Zur ökologischen Nachhaltigkeit und Kostenreduktion tragen zudem die längeren Be - triebs zeiten bei, da die robusten Geräte nicht vom Stand der Prozessor- und Speichertechnologie abhängen. „Wir nutzen die Sun Rays, bissie nicht mehr funktionieren“, berichtet Schreiner. Die Arbeitsstationen verrichten im Schnitt viermal länger als ein PC ihre Dienste. Sollte wider Erwarten doch einmal ein Gerät ausfallen, so wird es ohne Konfigurationsaufwand ausgetauscht und der Arbeitsplatz ist sofort wieder einsatzbereit. In der Universitätsbibliothek war dies seit Einführung der Lösung erst einmal der Fall.

Zum Jahreswechsel 2009 wird sich der Administrationsaufwand dort weiter verringern. Weil Besucher und Bibliotheksverantwortliche die enorme Hitze- und Lärmentwicklung in einem der Rechercheräume beklagen, werden dort statt PCs zirka 20 Sun Rays zum Einsatz kommen. Bei dieser Testinstallation können Anwender nicht nur im Online-Katalog recherchieren, sondern haben über eine passwortgestützte Anmeldung auch Zugriff auf Windows-Anwendungen und arbeiten mit der vertrauten Benutzeroberfläche. Jede Sun Ray erhält dafür auf einem zentralen Sun Fire x4600 oder x4200 Server eine eigene Betriebssystem-Instanz, die sicher von den anderen abgeschottet ist. Als Virtualisierungsplattform soll die Lösung Virtual Desktop Infrastructure (VDI) von VMware, eingesetzt werden, die für eine bestmögliche Ausnutzung der Hardware sorgt. Die Instanzen sind in Dateien eingekapselte Komponenten, die sich einfach speichern, verschieben und kopieren lassen. Schreiner geht deshalb davon aus, „dass das Testsystem nach spätestens 50 Tagen in Betrieb gehen und jederzeit problemlos um neue Arbeitsstationen erweitert werden kann.“

Je mehr schlanke Clients sich die Server-Ressourcen teilen, desto schneller amortisiert sich die Anfangsinvestition und desto kosteneffizienter ist der Betrieb im Vergleich zum herkömmlichen PC. Updates muss die IT-Abteilung nur einmal einspielen und sie steht sofort für alle Ultra-Thin Clients zur Verfügung. Nicht zuletzt sind auch die Anschaffungskosten einer Sun Ray vergleichsweise gering. Aufzurüsten ist lediglich der Server, wenn die Performance durch eine steigende Zahl von Arbeitsstationen sinkt.
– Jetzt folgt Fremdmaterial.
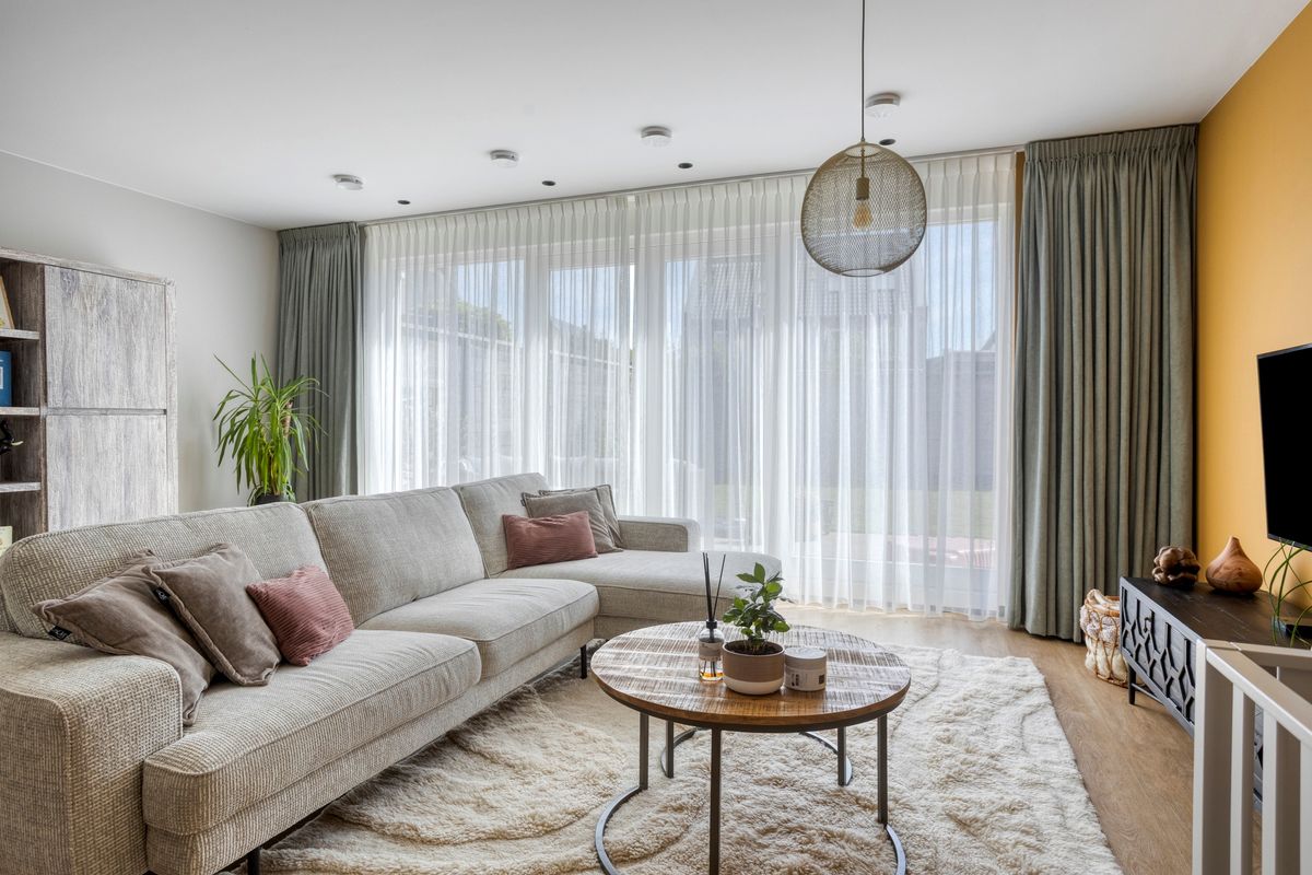 Vanuit de hal/entree met meterkast is er toegang tot het toilet, de trapopgang naar de eerste verdieping en de woonkamer met open keuken. De keuken is gelegen aan de voorzijde van de woning en is v.v. een wandopstelling en een kookeiland, diverse kasten en lades, een composiet werkblad met spoelbak en kokend waterkraan (Quooker), een inductiekookplaat met afzuiging (Bora), een koelkast (Liebherr), vriezer (Liebherr), vaatwasser (Siemens) en een combi stoomoven (Siemens). Het woongedeelte is aan de achterzijde van de woning gelegen en middels tuindeuren is de ruime achtertuin bereikbaar. De grote raampartijen zorgen voor een prettig zicht op de achtertuin. In de woonkamer is een trapkast aanwezig wat zorgt voor extra bergruimte. De vloer van de gehele begane grond is v.v. pvc met vloerverwarming en vloerkoeling. De wanden en plafonds zijn afgewerkt met stucwerk. De kozijnen zijn van hout met HR++ glas. Het toilet is v.v. een hangend toilet en fonteintje en de wanden zijn v.v. stucwerk.

Zunächst betreibt das EDV-Team der Universitätsbibliothek die beiden Sun Ray Installationen auf getrennten Maschinen. Um Speicher und Rechenleistung noch flexibler und kostengünstiger nutzen zu können, wäre laut Schreiner langfristig eine Zusammenführung auf einem Server denkbar. Zuvor wird allerdings geprüft, ob Temperatur und Geräuschpegel im Rechercheraum durch den Aufbau der Ultra-Thin Clients merklich sinken. Dann wird über den weiteren Ausbau des Systems entschieden.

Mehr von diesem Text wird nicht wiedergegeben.